• WHAT YOU NEED TO DO
Only the lines from the one holding "近日,随着北京市疫情逐渐稳定" to the end of the data should be echoed, exactly as they appear, minus the pictures.

• SOURCE DATA
[Start of section]
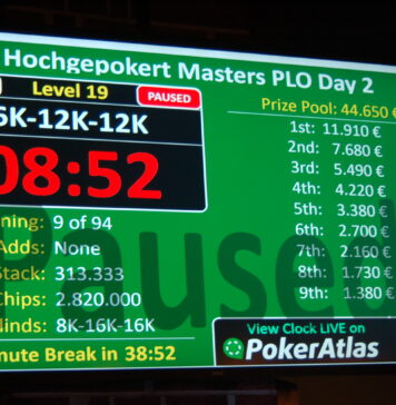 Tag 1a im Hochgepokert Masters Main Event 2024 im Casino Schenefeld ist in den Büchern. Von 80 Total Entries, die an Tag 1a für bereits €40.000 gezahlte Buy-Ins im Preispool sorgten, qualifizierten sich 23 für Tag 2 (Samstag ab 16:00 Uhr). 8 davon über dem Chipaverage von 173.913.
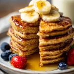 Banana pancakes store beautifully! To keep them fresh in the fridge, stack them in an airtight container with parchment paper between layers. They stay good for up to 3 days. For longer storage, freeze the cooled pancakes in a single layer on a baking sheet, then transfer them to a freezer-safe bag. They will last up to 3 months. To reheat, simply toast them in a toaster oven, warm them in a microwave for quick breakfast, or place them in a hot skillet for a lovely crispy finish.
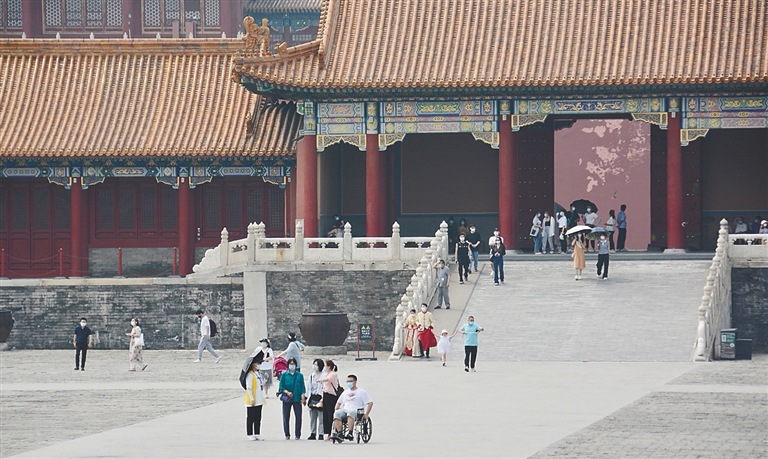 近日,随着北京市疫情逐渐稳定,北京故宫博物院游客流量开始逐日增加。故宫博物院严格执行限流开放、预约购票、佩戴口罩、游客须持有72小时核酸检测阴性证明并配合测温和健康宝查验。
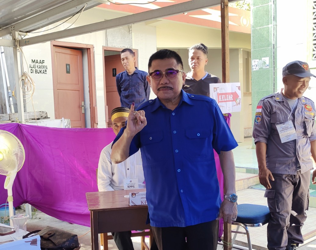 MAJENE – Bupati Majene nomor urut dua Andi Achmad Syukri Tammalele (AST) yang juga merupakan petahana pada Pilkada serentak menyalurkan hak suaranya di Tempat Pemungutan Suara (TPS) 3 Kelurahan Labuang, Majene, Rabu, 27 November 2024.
[End of section]
• EXPECTED OUTPUT
 近日,随着北京市疫情逐渐稳定,北京故宫博物院游客流量开始逐日增加。故宫博物院严格执行限流开放、预约购票、佩戴口罩、游客须持有72小时核酸检测阴性证明并配合测温和健康宝查验。
 MAJENE – Bupati Majene nomor urut dua Andi Achmad Syukri Tammalele (AST) yang juga merupakan petahana pada Pilkada serentak menyalurkan hak suaranya di Tempat Pemungutan Suara (TPS) 3 Kelurahan Labuang, Majene, Rabu, 27 November 2024.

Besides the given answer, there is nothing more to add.